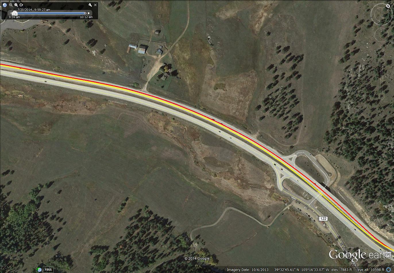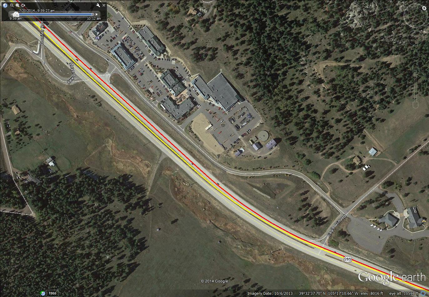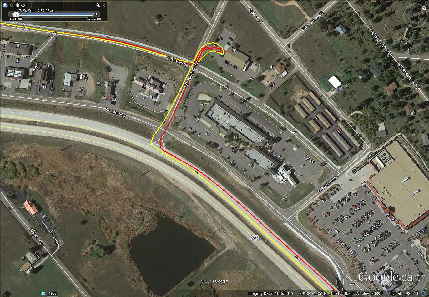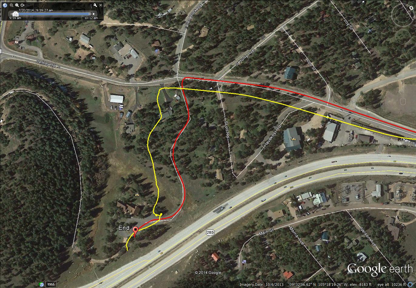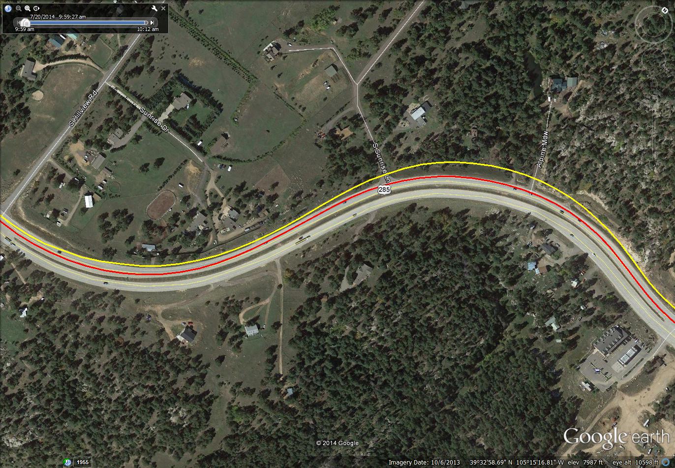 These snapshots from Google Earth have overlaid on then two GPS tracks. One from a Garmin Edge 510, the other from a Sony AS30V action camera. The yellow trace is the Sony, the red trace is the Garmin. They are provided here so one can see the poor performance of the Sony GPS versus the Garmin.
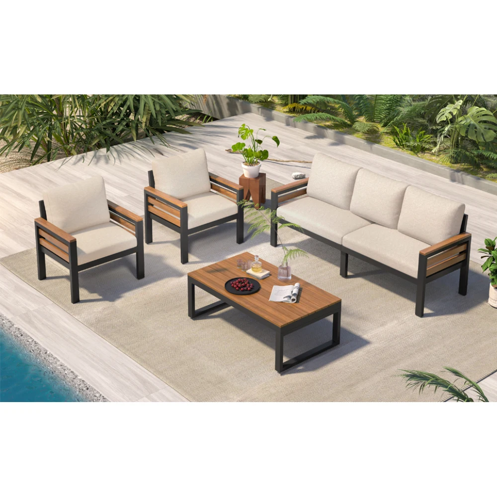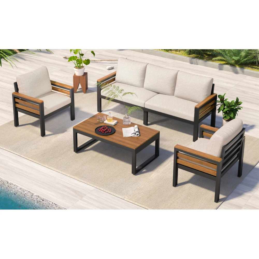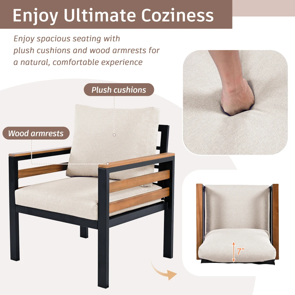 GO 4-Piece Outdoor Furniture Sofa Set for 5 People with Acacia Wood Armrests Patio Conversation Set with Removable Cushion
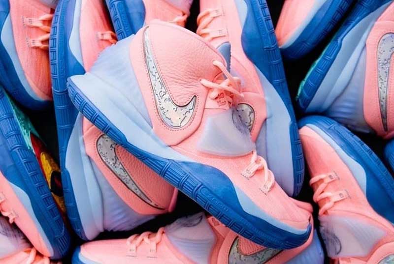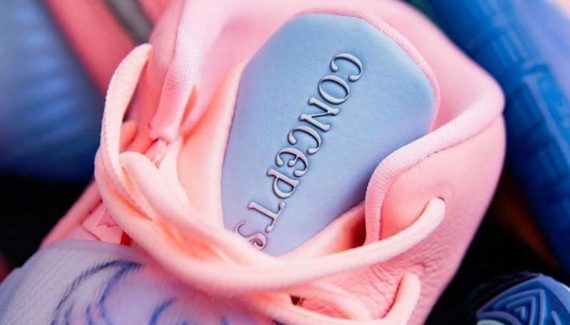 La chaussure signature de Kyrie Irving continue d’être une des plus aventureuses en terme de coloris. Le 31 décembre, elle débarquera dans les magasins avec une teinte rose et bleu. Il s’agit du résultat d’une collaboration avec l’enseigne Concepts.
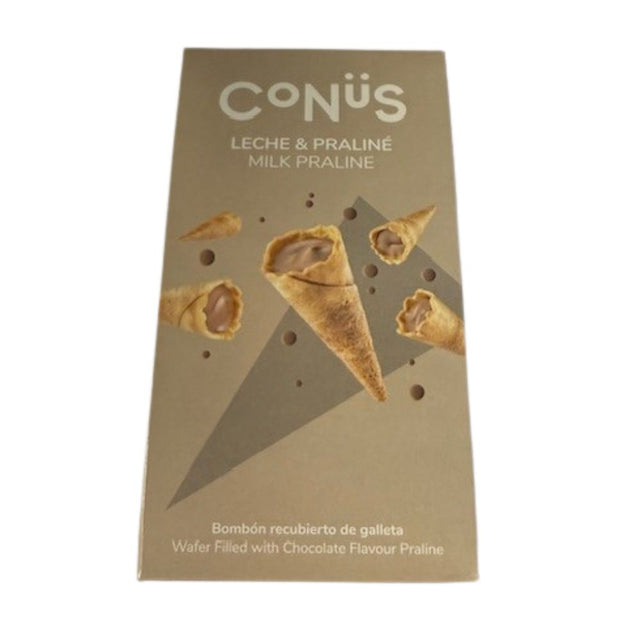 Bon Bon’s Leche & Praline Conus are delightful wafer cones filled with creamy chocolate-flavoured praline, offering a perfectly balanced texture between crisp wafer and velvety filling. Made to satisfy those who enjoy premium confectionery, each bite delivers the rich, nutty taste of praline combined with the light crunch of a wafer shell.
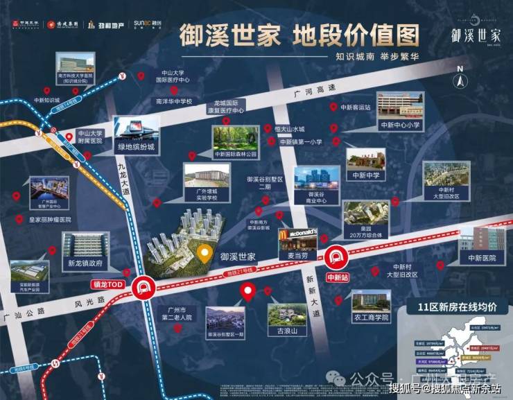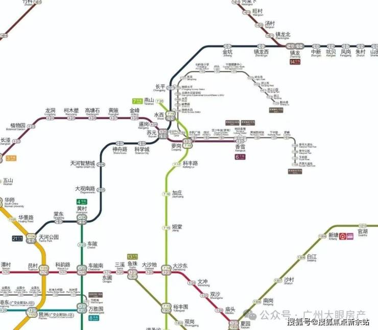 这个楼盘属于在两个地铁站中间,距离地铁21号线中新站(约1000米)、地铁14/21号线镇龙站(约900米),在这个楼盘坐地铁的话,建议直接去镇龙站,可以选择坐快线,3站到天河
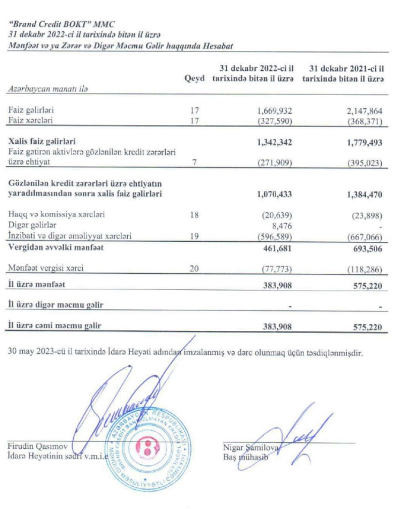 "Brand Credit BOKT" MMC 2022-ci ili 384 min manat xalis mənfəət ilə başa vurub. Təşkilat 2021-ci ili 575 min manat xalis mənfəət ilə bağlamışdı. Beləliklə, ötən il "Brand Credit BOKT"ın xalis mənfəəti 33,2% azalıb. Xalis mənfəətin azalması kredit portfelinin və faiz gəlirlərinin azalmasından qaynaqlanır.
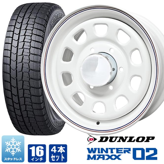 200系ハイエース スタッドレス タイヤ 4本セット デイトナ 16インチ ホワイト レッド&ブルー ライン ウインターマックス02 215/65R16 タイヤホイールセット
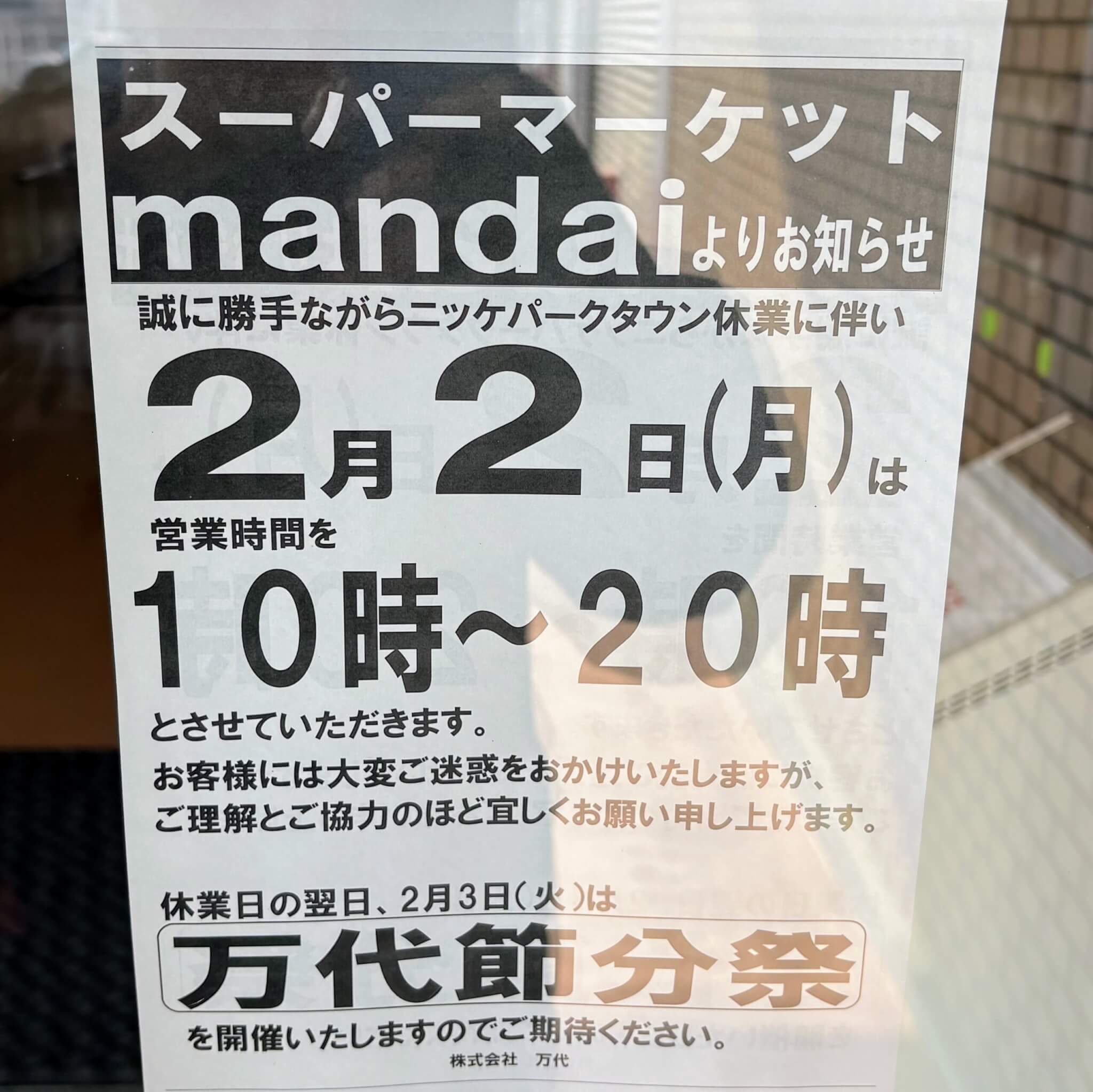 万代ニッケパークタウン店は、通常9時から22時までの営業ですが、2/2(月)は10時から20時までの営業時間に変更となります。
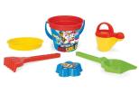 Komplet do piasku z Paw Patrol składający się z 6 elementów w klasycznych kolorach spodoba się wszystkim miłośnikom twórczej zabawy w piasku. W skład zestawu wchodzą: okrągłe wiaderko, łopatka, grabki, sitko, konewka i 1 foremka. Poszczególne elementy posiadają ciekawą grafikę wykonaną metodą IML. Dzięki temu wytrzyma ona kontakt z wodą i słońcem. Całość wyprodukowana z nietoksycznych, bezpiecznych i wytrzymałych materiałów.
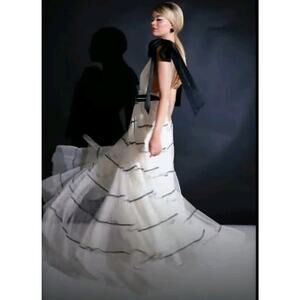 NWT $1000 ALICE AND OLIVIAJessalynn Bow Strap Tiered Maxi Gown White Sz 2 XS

THE TASK: Restate, word for word, each line from the line containing "200系ハイエース スタッドレス タイヤ" through the end of the entries above; the pictures are not part of the copy.

RESPONSE:
 200系ハイエース スタッドレス タイヤ 4本セット デイトナ 16インチ ホワイト レッド&ブルー ライン ウインターマックス02 215/65R16 タイヤホイールセット
 万代ニッケパークタウン店は、通常9時から22時までの営業ですが、2/2(月)は10時から20時までの営業時間に変更となります。
 Komplet do piasku z Paw Patrol składający się z 6 elementów w klasycznych kolorach spodoba się wszystkim miłośnikom twórczej zabawy w piasku. W skład zestawu wchodzą: okrągłe wiaderko, łopatka, grabki, sitko, konewka i 1 foremka. Poszczególne elementy posiadają ciekawą grafikę wykonaną metodą IML. Dzięki temu wytrzyma ona kontakt z wodą i słońcem. Całość wyprodukowana z nietoksycznych, bezpiecznych i wytrzymałych materiałów.
 NWT $1000 ALICE AND OLIVIAJessalynn Bow Strap Tiered Maxi Gown White Sz 2 XS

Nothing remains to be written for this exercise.